Correspondence Analysis of alcoholic beverages and where to drink them

In [1]:
# Importing libs
import numpy as np
import pandas as pd
from prince import CA
import seaborn as sns
import matplotlib.pyplot as plt
%matplotlib inline

ModuleNotFoundError: No module named 'prince'

Importing and processing data

In [None]:

df=pd.read_excel("data\\data.xlsx",sheet_name="data")
""" 
Data from a survey that asked where was the best place (from a list of 11 places) to drink 12 types of alcoolic beverages
 
weight: variable to match the sociodemographic characteristics of the sample to the population
 
Variables with "place" and "drink": each column is a beverage type and it's value is the name of the place if it was select or 0 if it wasnt
Some of the beverages that were in the survey weren't asked in this part so we will have to delete some of the variables
"""
df.head(5)

In [None]:
places=12 ### number of places +1
drinks=24 ### number of drinks +1

#* Getting variable names based on number of places and drinks
var_names=[]
for iplaces in range(1,places):
    for idrinks in range(11,drinks):
       var_names.append(f"place_{iplaces}_drink_{idrinks}") 

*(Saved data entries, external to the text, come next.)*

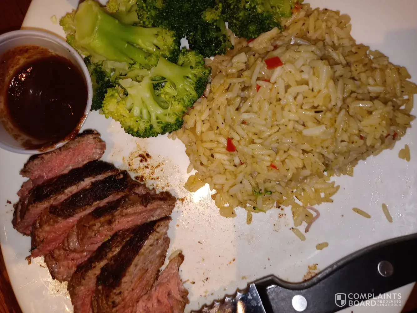 We enter the resteraurant at 7:30 pm we were placed in a booth at 7:45 pm my husband ordered a medium well steak with broccolic with mash potatoes his plate came out fine, my order was 6 oz sirloin with shrimp baked potatoe and a garden salad. The plate that was brought to me as a filet mignon steak with rice and broccolic/carrots and squash. I told this is not my food I am missing a baked potatoe my shrimp. So she brought me the bake potatoe and shrimp that were dried out and the bread underneath was hard as a rock. I requested a manager and I showed him my meal and he was shocked at my plate and the two steaks that were still raw instead of medium well. He claimed he was going to fix the order by this time my husband was done eating and I and still waiting for the manager to fix my food that I never got. The cooks and the waitress should know to bring out food that is old and to not only check the dates on food but to check the food for spoilage. Sorry I forgot to get a picture of the other steak.
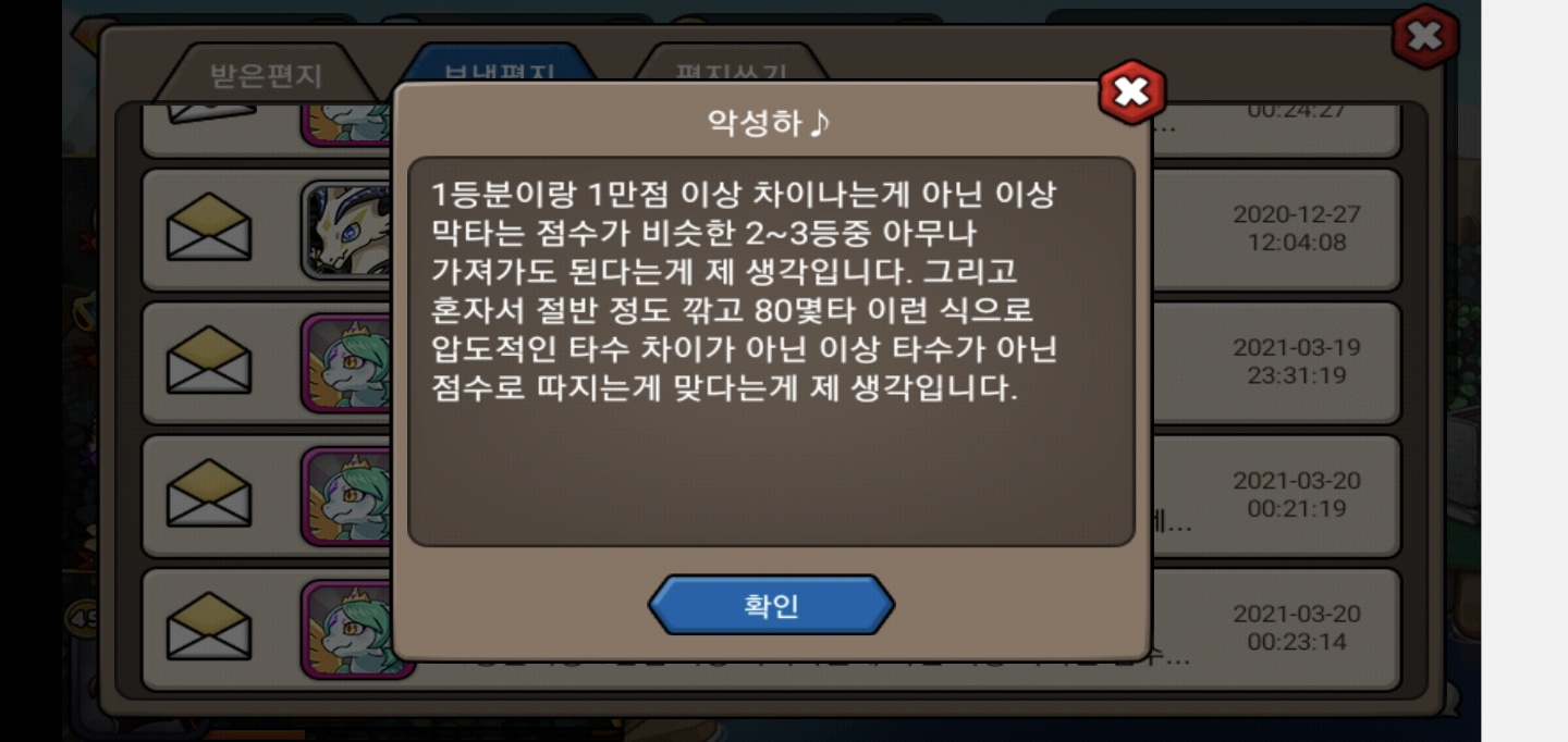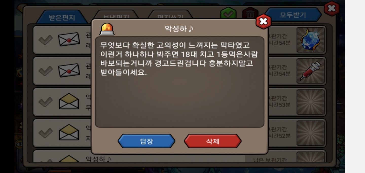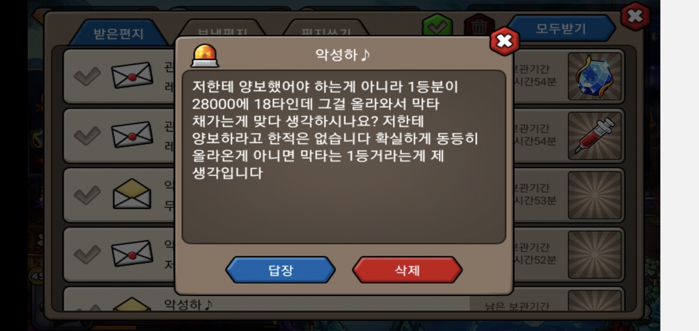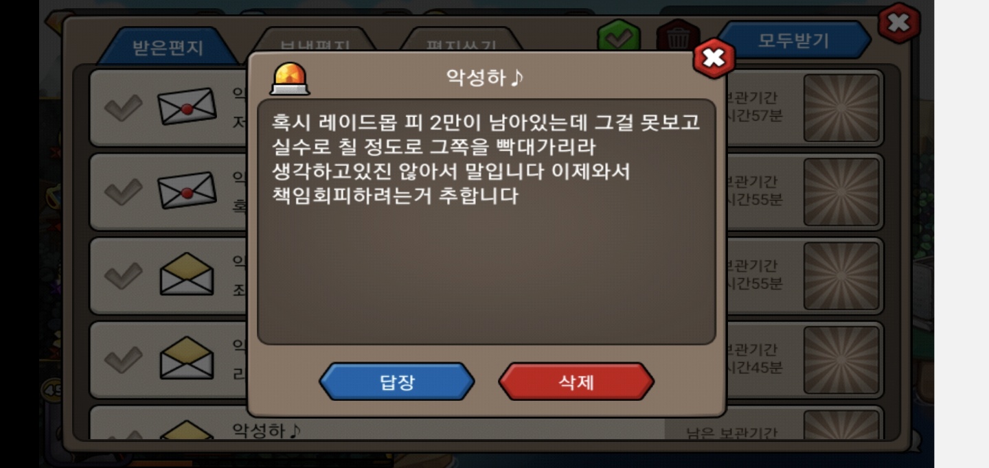 이후 자정쯤에 레이드를 소환하기 위해 접속하자 우편으로 2위분이
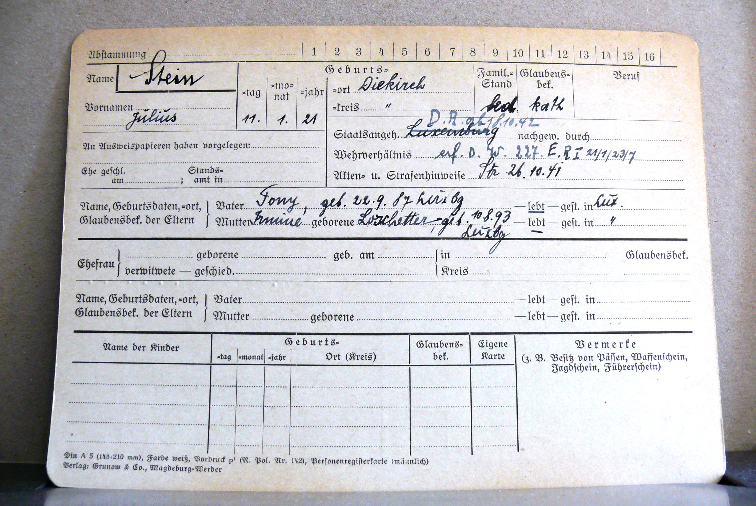 Nom, prénom, nom pendant l'occupation
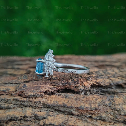 Natural Aquamarine Engagement Ring, Round Cut Aquamarine Birthstone Ring, Moissanite Marquise Wine Motif Style Ring

# Making one column with the values of all variables and changing it's value to binary (1 if they like the mix of the drink with the place) to make it easier to work with weights
df2 = pd.melt(df,id_vars=['ID','weight'],value_vars=var_names, value_name=('place_and_drink')).dropna()
df2.loc[df2['place_and_drink'] != 0, 'place_and_drink'] = 1

# Applying weights
df2['place_and_drink_weighted']=df2['place_and_drink']*df2['weight']
# creating variable for place and drink
for iplaces in range(1,places):    
    for idrinks in range(11,drinks):
        df2.loc[df2['variable']==f"place_{iplaces}_drink_{idrinks}",('drink')]=idrinks
        df2.loc[df2['variable']==f"place_{iplaces}_drink_{idrinks}",('place')]=iplaces

In [None]:
# Creating the contingency table
contingency_table = pd.pivot_table(
                  df2, 
                  values='place_and_drink_weighted', 
                  index=['place'],
                  columns=['drink'],
                  aggfunc=np.sum
)
# Labeling
column_names=[
'Beer 1',
'Cheap Spirit',
'Beer 2',
'Flavoured Spirit 4',
'Flavoured Spirit 1',
'Beer 3',
'Flavoured Beer 1',
'Flavoured Beer 2',
'Flavoured Spirit 2',
'Flavoured Spirit 3'
]
row_names=[
'Night club',
'Restaurant',
'Grocery Shop',
'Friend\'s house',
'Home',
'Show',
'House party',
'Pub',
'Bar',
'Beach',
'Pool'
]
contingency_table.columns=column_names
contingency_table.index=row_names

print (contingency_table)

Preparing correspondence analysis

In [None]:
ca=CA(n_components=2,n_iter=10,random_state=18012021)
ca.fit(contingency_table)
ca.row_coordinates(contingency_table)
ca.column_coordinates(contingency_table)
# variation explained by CA.
ca.explained_inertia_


Creating Map

In [None]:
# Creating datasets with the coordinates
coord_x=ca.row_coordinates(contingency_table)
coord_y=ca.column_coordinates(contingency_table)
coord_x.columns=['x','y']
coord_y.columns=['x','y']
# Assigning a series variable to know which coordinate belongs to places/drinks and merging dfs

coord=pd.concat([coord_x.assign(series='place'),coord_y.assign(series='drink')])
plt.figure(figsize=(10,10),dpi=1000,frameon=False)
sns.set_theme(style="whitegrid")
plot = sns.scatterplot(
    x='x',y='y',data=coord,hue='series',s=150,style='series',legend=False,ax=None,palette=sns.color_palette("flare", 2),markers=['o','D']
)

# Adding labels to points
i=-1
for x, y in zip(coord['x'], coord['y']):
    i+=1
    color='black'
    if i>10:    color=sns.color_palette("flare", 2)[1] # Changing drinks colors
    if x!=coord['x'].nlargest(2)[0] and x!=coord['x'].nlargest(2)[1]:
        plt.text(x = x+0.015,y = y-0.0025,s=coord.index[i],weight='bold',color=color)
    elif x==coord['x'].nlargest(2)[0] : # Making all labels fit in the plot
        plt.text(x = x-0.055,y = y-0.0025,s=coord.index[i],weight='bold',color=color)
    else:   plt.text(x = x-0.145,y = y-0.0025,s=coord.index[i],weight='bold',color=color)


# Cleaning axes

plot.set(xticklabels=[])
plot.set(xlabel=None)
plot.set(yticklabels=[])
plot.set(ylabel=None)
# Setting title
plt.title('Association map',weight='bold',size=20)